__SOURCE INFORMATION__.

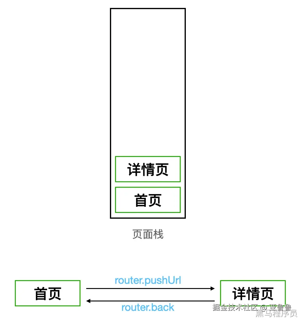 先来看看 pushUrl的情况\ 1默认打开首页 → 首页入栈\ 2pushUrl 去详情页 → 详情页入栈\ 3back 返回上一页 → 详情页出栈\ 4此时页面栈中应该只有一个页面\ 整一个过程中,都可以 router.getLength 进行查看\
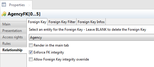 [Enforce FK integrity] (FK整合性の強制): 外部キーの整合性検証を有効にする場合。このチェックが有効な場合、この外部キーで他のレコードにリンクされているレコードを削除しようとすると、エラーが表示されます。
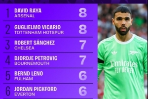 拉亚、维卡里奥8次并列本赛季英超扑救榜榜首,且两人还未丢球
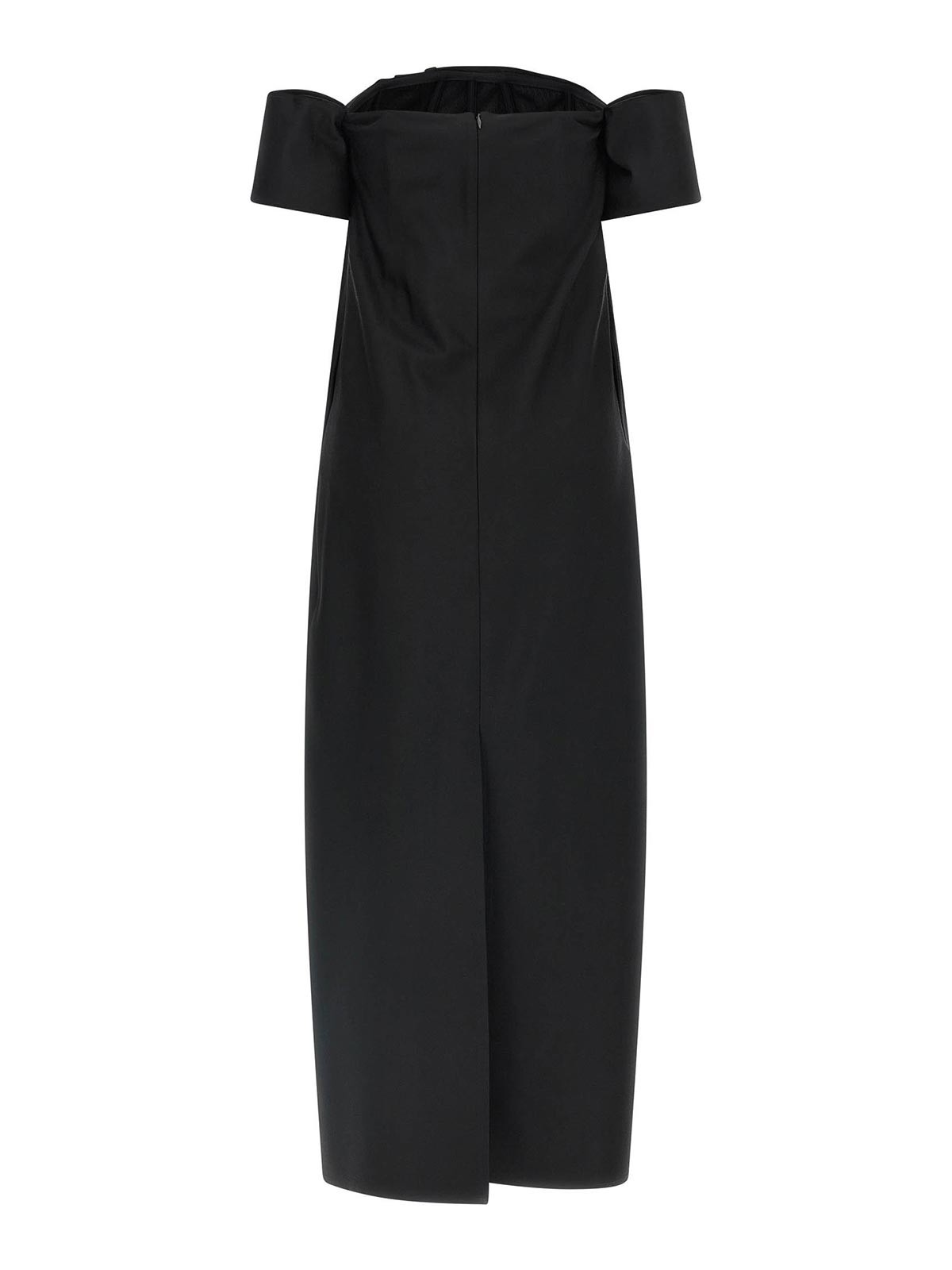 re26 dress ウールとシルクの混紡素材を使用した18インチドレス、オフショルダーのシースドレス、内側にレースビスチェをあしらったバックフック、ややカールしたストレートネックライン、バック中央にスプリット。
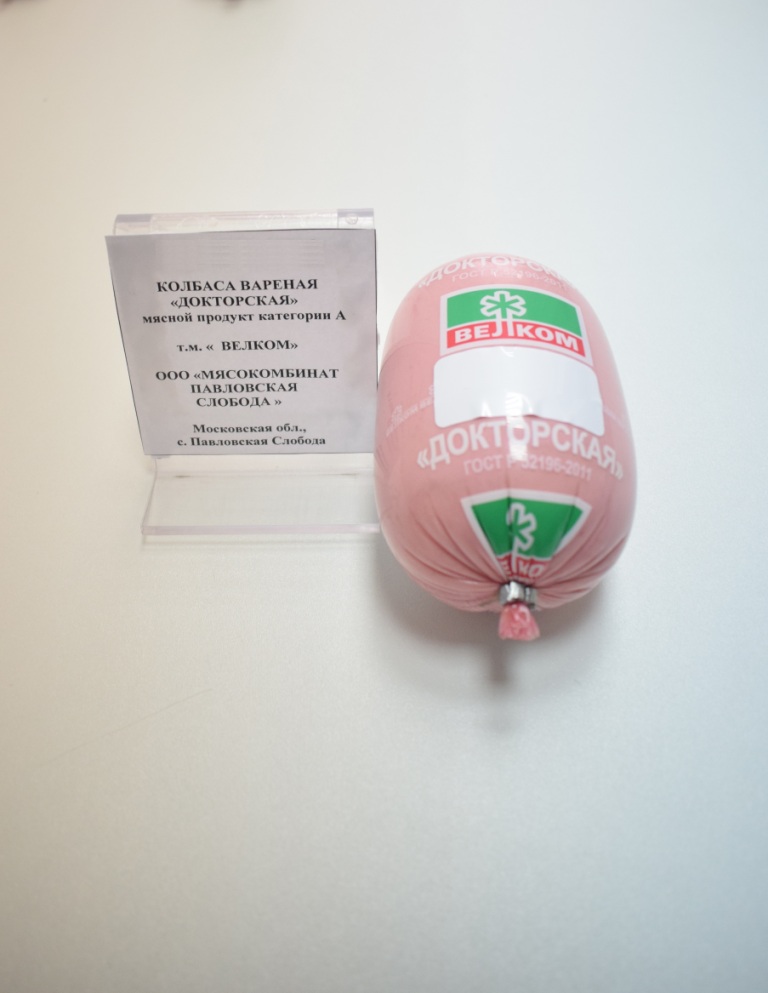 Характеристика товара: Колбаса вареная «Докторская».Продукт мясной категории А, охлажденный т/м «Велком»
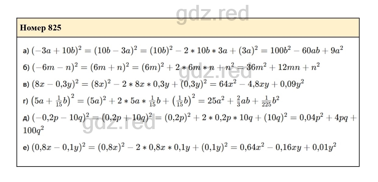 Решение упражнения 825 из учебника по алгебре для 7 класса Макарычева

__WORK INSTRUCTION__. Please retype, exactly and with the pictures left out, the lines from the line containing "拉亚、维卡里奥8次并列本赛季英超扑救榜榜首,且两人还未丢球" through the last line of the records above.

__RESULT BELOW__.
 拉亚、维卡里奥8次并列本赛季英超扑救榜榜首,且两人还未丢球
 re26 dress ウールとシルクの混紡素材を使用した18インチドレス、オフショルダーのシースドレス、内側にレースビスチェをあしらったバックフック、ややカールしたストレートネックライン、バック中央にスプリット。
 Характеристика товара: Колбаса вареная «Докторская».Продукт мясной категории А, охлажденный т/м «Велком»
 Решение упражнения 825 из учебника по алгебре для 7 класса Макарычева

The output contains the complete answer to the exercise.